Contributed by Ornella Altunyan on 2024-12-14

The OpenAI Realtime API, designed for building advanced multimodal conversational experiences, unlocks even more use cases in AI applications. However, evaluating this and other audio models’ outputs in practice is an unsolved problem. In this cookbook, we’ll build a robust application with the Realtime API, incorporating tool-calling and user input. Then, we’ll evaluate the results. Let’s get started!

Getting started

In this cookbook, we’re going to build a speech-to-speech RAG agent that answers questions about the Braintrust documentation. To get started, you’ll need a few accounts:

and node, npm, and typescript installed locally. If you’d like to follow along in code, the realtime-rag project contains a working example with all of the documents and code snippets we’ll use.

Clone the repo

To start, clone the repo and install the dependencies:

git clone https://github.com/braintrustdata/braintrust-cookbook.git
cd braintrust-cookbook/examples/Realtime/realtime-rag
npm install

Next, create a .env.local file with your API keys:

BRAINTRUST_API_KEY=<your-api-key>
PINECONE_API_KEY=<your-pinecone-api-key>

Finally, make sure to set your OPENAI_API_KEY environment variable in the AI providers section of your account, and set the PINECONE_API_KEY environment variable in the Environment variables section.

We’ll use the local environment variables to embed and upload the vectors, and the Braintrust variables to run the RAG tool and LLM calls remotely.

Upload the vectors

To upload the vectors, run the upload-vectors.ts script:

npx tsx upload-vectors.ts

This script reads all the files from the docs-sample directory, breaks them into sections based on headings, and creates vector embeddings for each section using OpenAI’s API. It then stores those embeddings along with the section’s title and content in Pinecone. That’s it for setup! Now let’s dig into the code.

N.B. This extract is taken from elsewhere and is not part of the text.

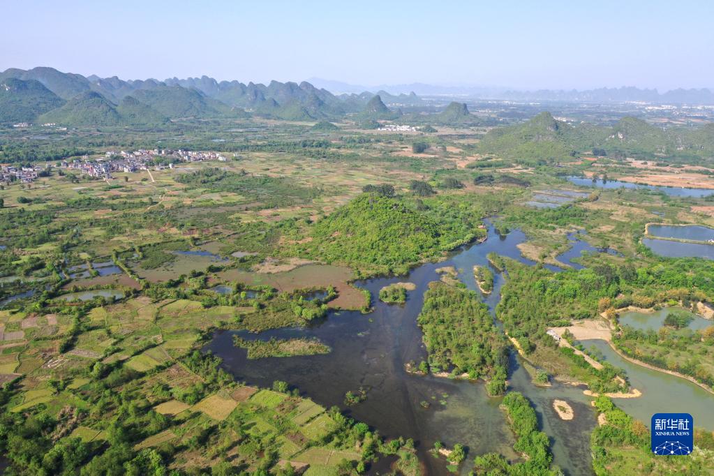 春意日浓,位于广西桂林的岩溶湿地会仙湿地内,岛屿星罗棋布,山水相得益彰,草木吐翠,生机盎然,别有一番独特春色。

Accessing the Realtime API

Building with the OpenAI Realtime API is complex because it is built on WebSockets, and it lacks client-side authentication. However, the Braintrust AI Proxy makes it easy to connect to the API in a secure and scalable way. The proxy securely manages your OpenAI API key, issuing temporary credentials to your backend and frontend. The frontend sends any voice data from your app to the proxy, which handles secure communication with OpenAI’s Realtime API. To access the Realtime API through the Braintrust proxy, we changed the proxy URL when instantiating the RealtimeClient to https://braintrustproxy.com/v1/realtime. In our app, the RealtimeClient is initialized when the ConsolePage component is rendered. We set up this logic in page.tsx:

import { ConsolePage } from '@/components/ConsolePage';
import './App.scss';

const PROXY_URL =
  process.env.BRAINTRUST_PROXY_URL ?? 'https://braintrustproxy.com/v1';

// You can swap this out to your OPENAI_API_KEY if you do not have a Braintrust account, but
// you will not have access to logging features.
const API_KEY = process.env.BRAINTRUST_API_KEY;

// Set this to your project name if you have one, otherwise it will default to "Realtime voice console"
const BRAINTRUST_PROJECT_NAME = process.env.BRAINTRUST_PROJECT_NAME;

export default async function Home() {
  if (!API_KEY) {
    return (
      <div>
        Missing BRAINTRUST_API_KEY
      </div>
    );
  }

  const model = 'gpt-4o-realtime-preview-2024-10-01';
  const response = await fetch(`${PROXY_URL}/credentials`, {
    method: 'POST',
    headers: {
      'Content-Type': 'application/json',
      Authorization: `Bearer ${API_KEY}`,
    },
    body: JSON.stringify({
      model,
      logging: {
        project_name: BRAINTRUST_PROJECT_NAME || "Realtime RAG bot",
      },
      // This is the TTL for starting the conversation, but it can continue as long as needed
      // once the conversation is started.
      ttl_seconds: 60 * 10 /* 10 minutes */,
    }),
    cache: 'no-store',
  });

  if (!response.ok) {
    const text = await response.text();
    return <div><p>Failed to get credentials</p><pre>{text}</pre></div>;
  }

  const { key } = await response.json();

  return <ConsolePage apiKey={key} url={`${PROXY_URL}/realtime`} />;
}

You can also use our proxy with an AI provider’s API key, but you will not have access to other Braintrust features, like logging.

Creating a RAG tool

The retrieval logic also happens on the server side. We set up the helper function and route handler that queries Pinecone in route.ts so that we can call the retrieval tool on the client side like this:

client.addTool(
  {
    name: "pinecone_retrieval",
    description:
      "Retrieves relevant information from Braintrust documentation.",
    parameters: {
      type: "object",
      properties: {
        query: {
          type: "string",
          description: "The search query to find relevant documentation.",
        },
      },
      required: ["query"],
    },
  },
  async ({ query }: { query: string }) => {
    try {
      setLastQuery(query);
      const results = await fetchFromPinecone(query);
      setRetrievalResults(results);
      return results
        .map(
          (result) =>
            `[Score: ${result.score.toFixed(2)}] ${result.metadata.title}\n${
              result.metadata.content
            }`,
        )
        .join("\n\n");
    } catch (error) {
      throw error;
    }
  },
);

Currently, because of the way the Realtime API works, we have to use OpenAI tool calling here instead of Braintrust tool functions.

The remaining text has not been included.